If not, they're no good for business. If they do, why don't you use it?

mmurray49
mmurray49

I think Apple's has been doing this for some time now. How *well* may be in question historically but it's working here where I work with Lion Server 10.7.3. I'm a 20 year Win/Mac Sys Admin. - somewhat of an anomaly...

adornoe
adornoe

who keep pushing for Apple's wares in the enterprise, where Apple is not really doing anything to become a real player. It anything, it's the techies and the Apple fanatics who keep pushing and hoping that, perhaps the enterprise players will see something in Apple's offerings that Apple themselves didn't put an effort into.

JohnOfStony
JohnOfStony

Any CIO that says "Add my iPad or find another job." is obviously immature and totally unsuitable for the position of CIO. Secure IT is VITAL for today's businesses and if the Mac can't cut it where group policies and software are rolled out automatically to hundreds (or more) PCs, then the cost per Mac in terms of man hours individually installing software or implementing policies will far exceed the initial premium, and no sensibly run business wants to spend money where it's not necessary. I might add that if I had to work on a Mac, I'd find another job where I could use a Windows PC.

Slayer_
Slayer_

The discussion ended quickly.

don.howard
don.howard

so much as the connectivity. Someone else here mentioned AD integration.

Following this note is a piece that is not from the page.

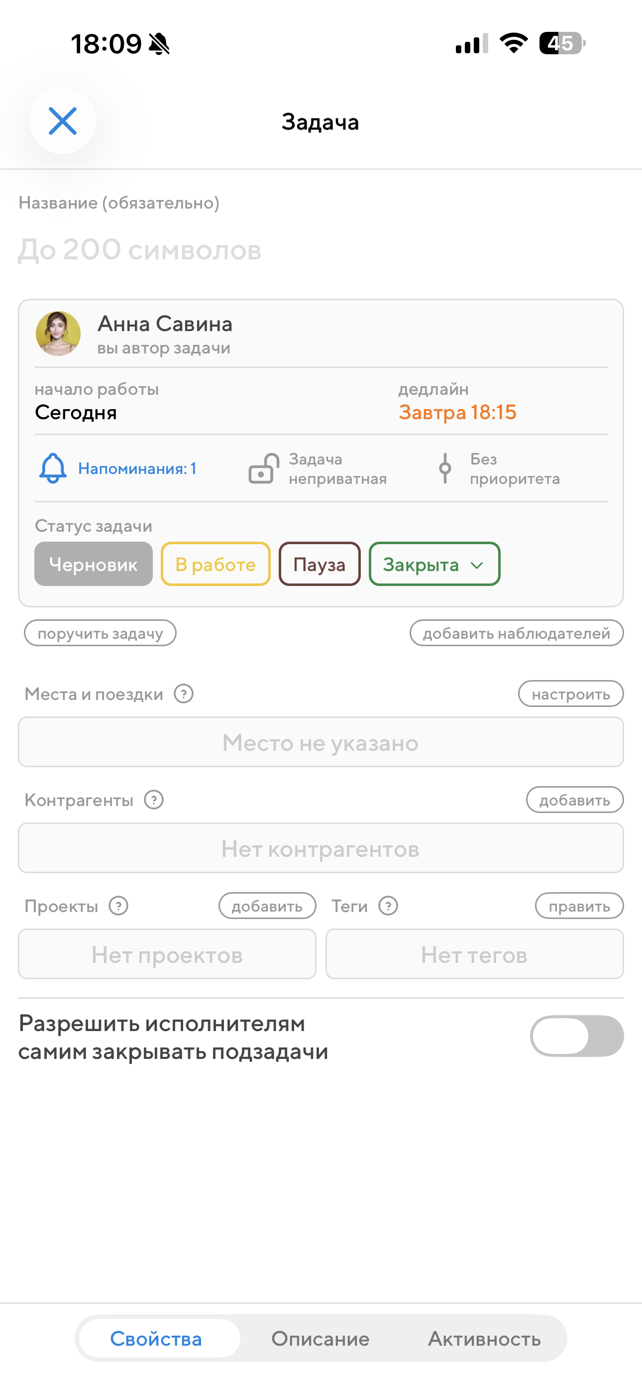Название задачи обязательно к заполнению и должно отражать её суть. Максимальная длина названия – 200 знаков. Старайтесь формулировать названия задач так, чтобы по ним было ясно, что именно нужно сделать: "Подготовить...", "Найти...", "Сформировать..." и пр.

My corporate Win7 desktop is on the domain and has all the connectivity I need without jumping through hoops to make it work.. Most of my specific tools are either java based, or brower based, so no problems on the MacBook there. I also have MS Office on my Mac. I have very little in terms of applications that I can't run in OSX - if I can get to them on the corporate network.

Gisabun
Gisabun

You can say the same thing about iPads and iPhones. Is there something stopping an iPad from coming onto a corporate network once someone connects the WiFi? At least with Windows you can use NAC. Then there is supporting additional devices. Enable software [Mac services for Windows or otherwise] to be able to access network folders, AD access, etc. I worked at one place where we used some AD based software to stop users from copying anything to or from the network to unauthorized USB keys, cell phones, CDs, DVDs, etc. Problem is that until now [it's in beta but I'm not at that company], our Macs didn't have something that could do the same job or a client to connect to the Windows network AD. It was a back door. Same for the anti-virus. How many Mac AV software is centrally managed [and hopefully from a single server and not a separate server for Macs].